As of this week, all of us have the opportunity to see culture at its peak: In F9, the ninth installment in the Fast and the Furious franchise, Vin Diesel drives his franchise to the moon. Ludacris and Tyrese Gibson’s forever bickering characters Tej and Roman are the ones who make the giant leap into the cosmos—and as they do, the film taunts us with its audacity.
“As long as we obey the laws of physics,” Tej says, “we’ll be fine.”
Oh, really?
In boldly bringing this franchise where no drag racer has gone before, director Justin Lin made sure to consult with experts. “I’m on the phone with scientists, learning about fuel and physics,” he told The Hollywood Reporter. “It was great, having the scientists on the other line going, ‘Wait, what? What are you trying to do?’ I love it.”
So, how legit was the end result?
After emailing a healthy chunk of the New York University Physics faculty (you know, mostly the ones who seemed like they know things about space) I spoke with Masha Baryakhtar, a postdoctoral fellow specializing in particle physics who will soon join the University of Washington in a faculty position. Aided by detailed and not at all confusing explanations of the film’s stunts from this whiplashed Fast fanatic, Baryakhtar offered her expert opinion on several of the film’s stunts—including, yes, that rocket-car.
Sending a car to space on a rocket is not a totally outlandish notion; as Baryakhtar pointed out, Elon Musk launched a Tesla into space in 2018 with a dummy passenger named Starman “because he thought it would be cool to send some extra junk into space.”
But in that case, Baryakhtar said, “it took a whole big rocket ship counting down with a huge explosion, and then you kind of launched the car out of that. So if you just tell me that a rocket took a car to space, it takes a lot of work and a lot of money—but in principle, it’s actually been done, right?”
Among the chief concerns in modifying a rocket-car? Keeping the passengers from exploding in a vacuum. A first step, Baryakhtar said, would be strong insulation around the car. The insulation seen in the film does not look particularly thick, but the car did have a heat shield.

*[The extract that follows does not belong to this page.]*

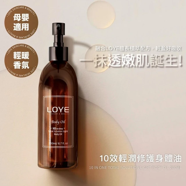 LOYE 樂妍10效輕潤修護身體油200ml | 一瓶到位的美體精華油 / 快速滲透不留油感 / 無雌激素,孕嬰、敏感肌安心適用
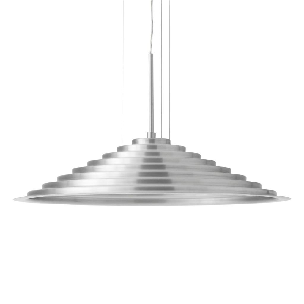 Med sin bølgede, trinvise silhuet i børstet aluminium og sit blødt diffunderede skær giver Chancery Pendel et markant udtryk uden tyngde – et design skabt til at svæve højt og bringe rummet i rolig balance. Udstyret med en udskiftelig opal LED-pære og integreret diffuser spreder Chancery et blødt, stemningsfuldt lys, der indbyder til ro og eftertanke

Any glass surface, like a windshield, Baryakhtar added, would be a hazard. (The car in the film appears to have modified windows.) And the final hurdle would be making sure there’s actually enough fuel to steer the vehicle afterward. No spoilers, but rest assured F9 has that angle covered.
Okay, but what about the other stunts? If one were to, say, be driving across a rope bridge that happens to rupture behind them, could they make it to the other side by vroom-vroom-ing as fast as they can like Dominic Toretto? Not exactly, Baryakhtar said. They’d drive into a cliff.
Okay, okay. But what about the one where they dash through a minefield where the explosives are spaced something like… maybe 10 feet apart?
“If you’re going very fast… you can’t turn in true sharp angles,” Baryakhtar said. “Because then you would fly out; you wouldn’t have enough friction holding you down.”
One could feasibly navigate a minefield slowly, Baryakhtar said, but not at the speed Dom and his crew tend to like.
By the time I got to Dom driving off a cliff, launching a grappling hook from his car, and then rappelling around a mountain, Baryakhtar had begun to crack the physics of the Fast universe. All of these examples, she said, could work kinematically. “It’s just a question of, like, how big the force is going to be on the people inside the car—and if they’ll all get totally smashed up.”
“All of these things, there’s a grain of truth to them,” Baryakhtar admitted. “But they’re taken to the extreme. That’s what I would say.”
All right, one more: What are the chances that someone could go straight through a billboard while fighting on the back of a moving semi and just keep on truckin’? Response: “I would say that’s a pretty clear ‘no.’”
Okay, but what if that person is John Cena? “Oh, well then yes.”